EXERCISE DESCRIPTION: Quote the listing in full, exactly as given, minus any pictures.

AVAILABLE DATA:
·····

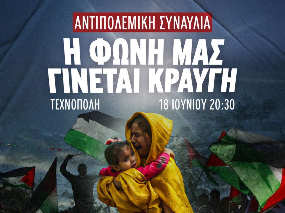 Την Τετάρτη 18 Ιουνίου στις 20:30, δεκάδες καλλιτέχνες ενώνουν τις φωνές τους στην Τεχνόπολη του Δήμου Αθηναίων σε μια αντιπολεμική συναυλία – διαμαρτυρία για τη στήριξη του Παλαιστινιακού λαού και την καταδίκη της γενοκτονίας στη Γάζα.
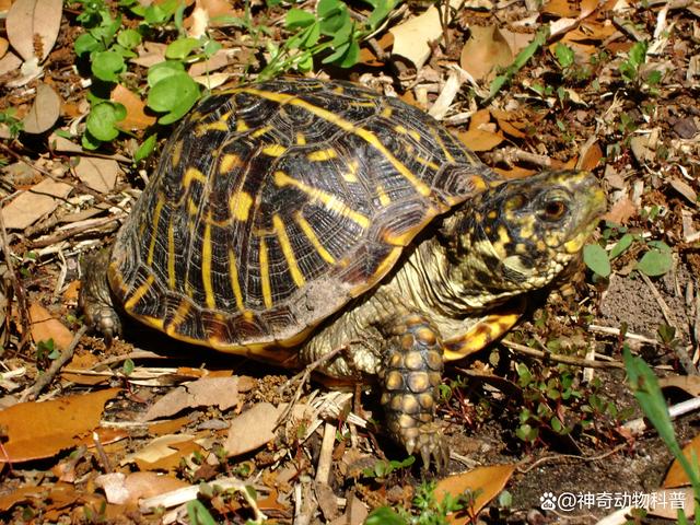 6、锦箱龟 锦箱龟,也被称为“西部箱龟”,与三趾箱龟在习性上相似,只是分布区更为干燥。它们主要生活在美国与墨西哥间的干旱草原地带,甚至可以适应沙漠环境,以昆虫、蠕虫和蔬果等为食。 箱龟具有陆龟在膀胱中储存水分的能力,因此能够忍受比其他箱龟类更高的干旱程度。1986年,锦箱龟成为堪萨斯州的州爬行动物,而在印第安纳州,锦箱龟则被列为濒危物种。
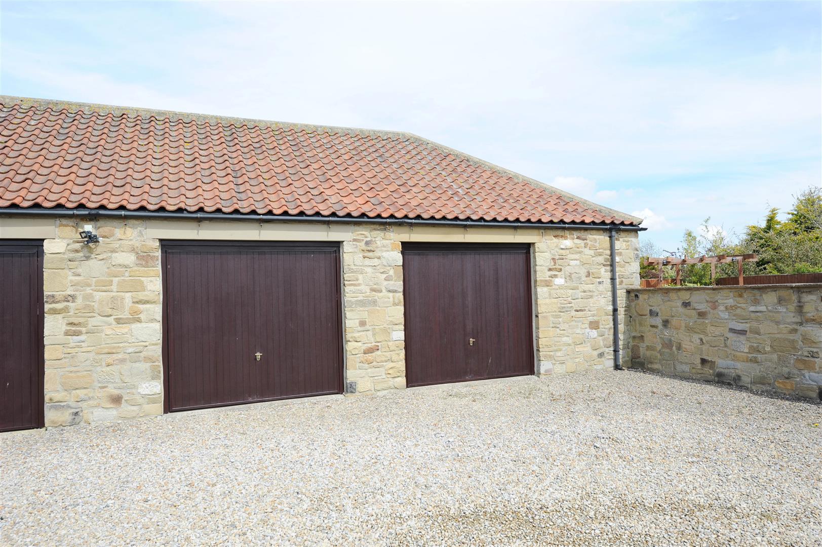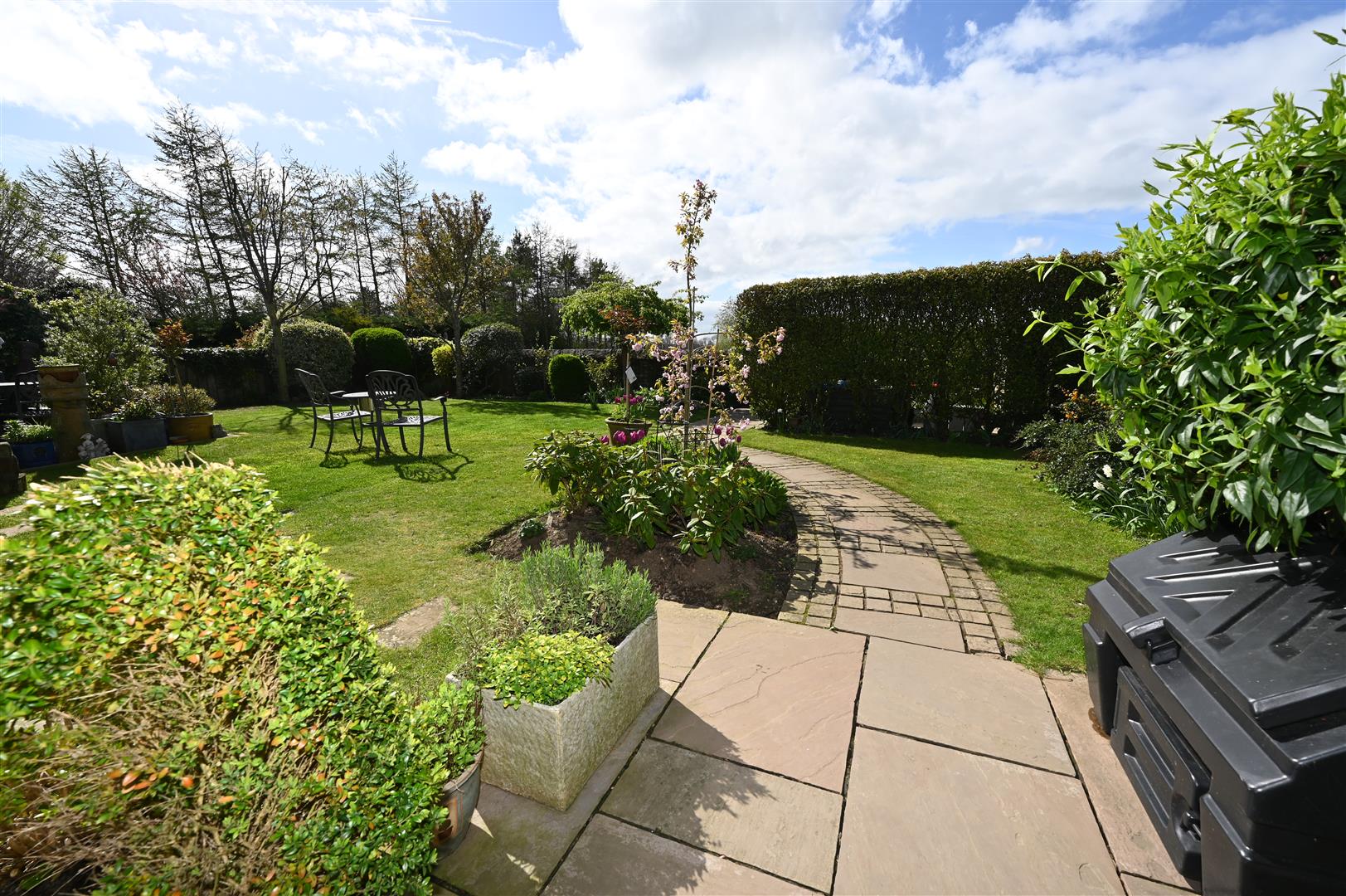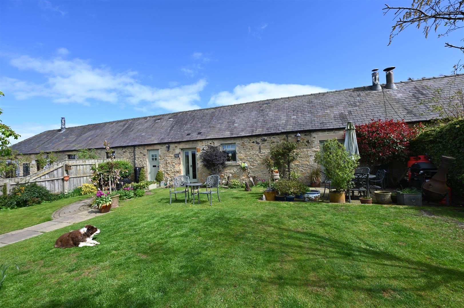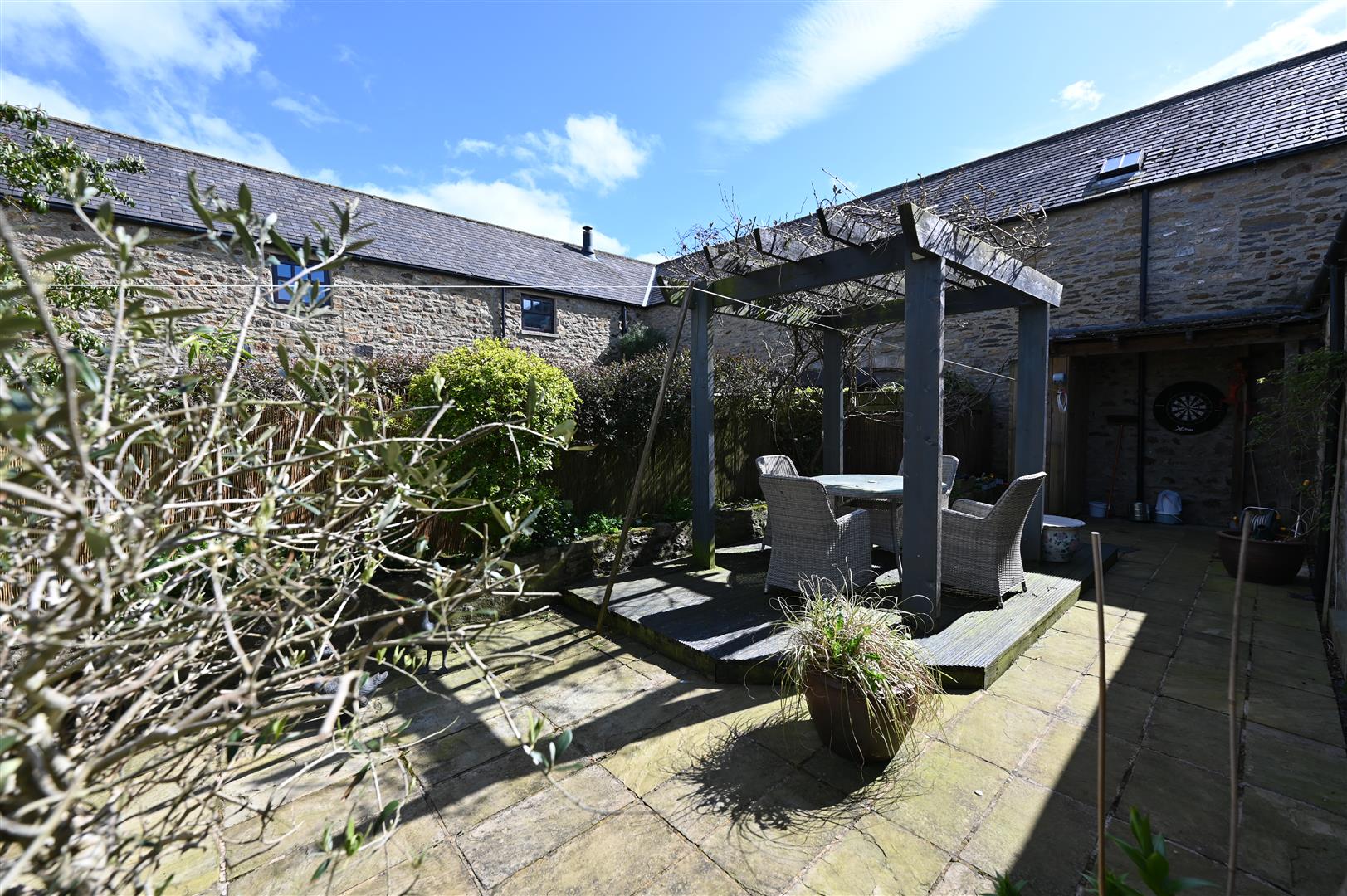 Screened & stone flagged with decked pergola, covered BBQ area, raised stone flower/shrub border, outside light, outside power socket & cold water tap. NB: Barnfield has a right of way for access from the rear.

·····

TASK RESULT:
 Την Τετάρτη 18 Ιουνίου στις 20:30, δεκάδες καλλιτέχνες ενώνουν τις φωνές τους στην Τεχνόπολη του Δήμου Αθηναίων σε μια αντιπολεμική συναυλία – διαμαρτυρία για τη στήριξη του Παλαιστινιακού λαού και την καταδίκη της γενοκτονίας στη Γάζα.
 6、锦箱龟 锦箱龟,也被称为“西部箱龟”,与三趾箱龟在习性上相似,只是分布区更为干燥。它们主要生活在美国与墨西哥间的干旱草原地带,甚至可以适应沙漠环境,以昆虫、蠕虫和蔬果等为食。 箱龟具有陆龟在膀胱中储存水分的能力,因此能够忍受比其他箱龟类更高的干旱程度。1986年,锦箱龟成为堪萨斯州的州爬行动物,而在印第安纳州,锦箱龟则被列为濒危物种。
 Screened & stone flagged with decked pergola, covered BBQ area, raised stone flower/shrub border, outside light, outside power socket & cold water tap. NB: Barnfield has a right of way for access from the rear.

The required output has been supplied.